Personal information
- Full name: Moses Adeshina Ayoola Junior Odubajo
- Date of birth: 28 July 1993 (age 32)
- Place of birth: Greenwich, England
- Height: 5 ft 10 in (1.77 m)
- Position: Right-back

Team information
- Current team: Omonia
- Number: 28

Youth career
- Millwall
- 2009–2010: Leyton Orient

Senior career*
- Years: Team / Apps / (Gls)
- 2010–2014: Leyton Orient / 93 / (13)
- 2010: → St Albans City (loan) / 1 / (0)
- 2012: → Sutton United (loan) / 3 / (0)
- 2012: → Bishop's Stortford (loan) / 2 / (3)
- 2014–2015: Brentford / 45 / (3)
- 2015–2018: Hull City / 42 / (0)
- 2018–2019: Brentford / 30 / (0)
- 2019–2021: Sheffield Wednesday / 40 / (0)
- 2021–2022: Queens Park Rangers / 28 / (0)
- 2022–2024: Aris / 53 / (1)
- 2024–2026: AEK Athens / 18 / (0)
- 2026–: Omonia / 7 / (0)

International career
- 2015: England U20 / 5 / (0)

= Moses Odubajo =

English footballer (born 1993)

Moses Adeshina Ayoola Junior Odubajo (born 28 July 1993) is an English professional footballer who plays as a right-back for Cypriot First Division club Omonia. He is a product of the Leyton Orient youth system and represented England at U20 level.

==Club career==
===Leyton Orient===
====Early years====
A right back or right winger, Odubajo began his career at age 14 with local club Millwall and spent time with the club on trial, before leaving football behind at the age of 13, following the death of his mother. He returned to Millwall following a break from the game, but failed to win a scholarship deal. Odubajo was recommend by the Lions to Leyton Orient and went on trial with the club. He was offered a scholarship by youth team manager Wayne Burnett, though Burnett later changed his mind about the deal. Burnett left Orient in the summer of 2009 and Odubajo returned to the club, impressing new youth team manager Andy Edwards and finally winning a scholarship deal. He appeared for the youth team during the 2009–10 season and contributed to the team's run to the fourth round of the FA Youth Cup. Odubajo was an unused substitute for the first team on 11 occasions during the 2010–11 season and signed a one-year professional contract with the club on 29 April 2011. He also won Orient's Youth Team Player of the Year award.

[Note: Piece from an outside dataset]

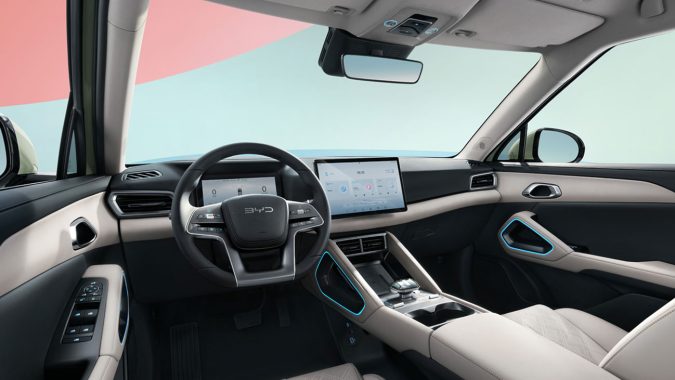 Nội thất của BYD Atto 2 được chế tác với ghế ngồi bọc da thuần chay (vegan) bóng bẩy, thân thiện với môi trường cùng các vật liệu chất lượng cao xuyên suốt trên bảng điều khiển và các tấm ốp cửa.

Odubajo was called into the first team squad for four of Orient's matches early in the 2011–12 season and made his professional debut in a Football League Trophy first round East London derby versus Dagenham & Redbridge on 7 September 2011. Initially named as a substitute, Odubajo replaced Elliot Omozusi after 64 minutes in a match which ended with a penalty shoot-out. He scored a penalty in the shoot-out, which Orient lost 14–13. He made five further appearances during the 2011–12 season and made his first start for the club in the final game of the campaign at home to Rochdale. In the match, he scored his first senior goal with a "stunning" winner in a 2–1 victory. The 25-yard strike earned him the club's Goal of the Season award. On 25 June 2012, Odubajo signed a new one-year deal with the Os.

====First team breakthrough====
Featuring mainly as a right back during the opening months of the 2012–13 season, Odubajo made regular substitute appearances and sporadic starts before finally breaking into the starting lineup in October 2012. By then being increasingly being utilised as a right winger, he put an end to the transfer speculation by signing a new two-year contract in February 2013. Odubajo finished the 2012–13 season with 54 appearances, three goals and his performances during the campaign were recognised with the club's Young Player of the Year award.

Now an important member of manager Russell Slade's starting XI, Odubajo played a vital role in the Orient's rise to the top of the League One table during the early months of the 2013–14 season, which began with an eight-match winning streak. Though Orient's table-topping form slowly slipped away by February 2014, Odubajo scored intermittently throughout the season and his exploits saw him win the Football League Young Player of the Month award for April 2014. He salvaged a draw for Orient in the 2014 League One play-off semi-final first leg versus Peterborough United and after a 2–1 victory in the second leg, he opened the scoring versus Rotherham United in the final with a "brilliant" 25-yard volley, but the match would end with the Os succumbing to a loss on penalties. Odubajo made 57 appearances and scored 12 goals during the 2013–14 season, which proved to be his last for the club, as he departed Brisbane Road one month after the defeat. During his time with Leyton Orient, Odubajo made 116 appearances and scored 16 goals for the club.

====St Albans City (loan)====
On 8 October 2010, Odubajo signed for Conference South club St Albans City on a one-month work experience loan. He made four appearances and scored no goals for the club.

====Sutton United (loan)====
On 13 January 2012, Odubajo joined Conference South club Sutton United on a one-month loan. He made three appearances during this spell.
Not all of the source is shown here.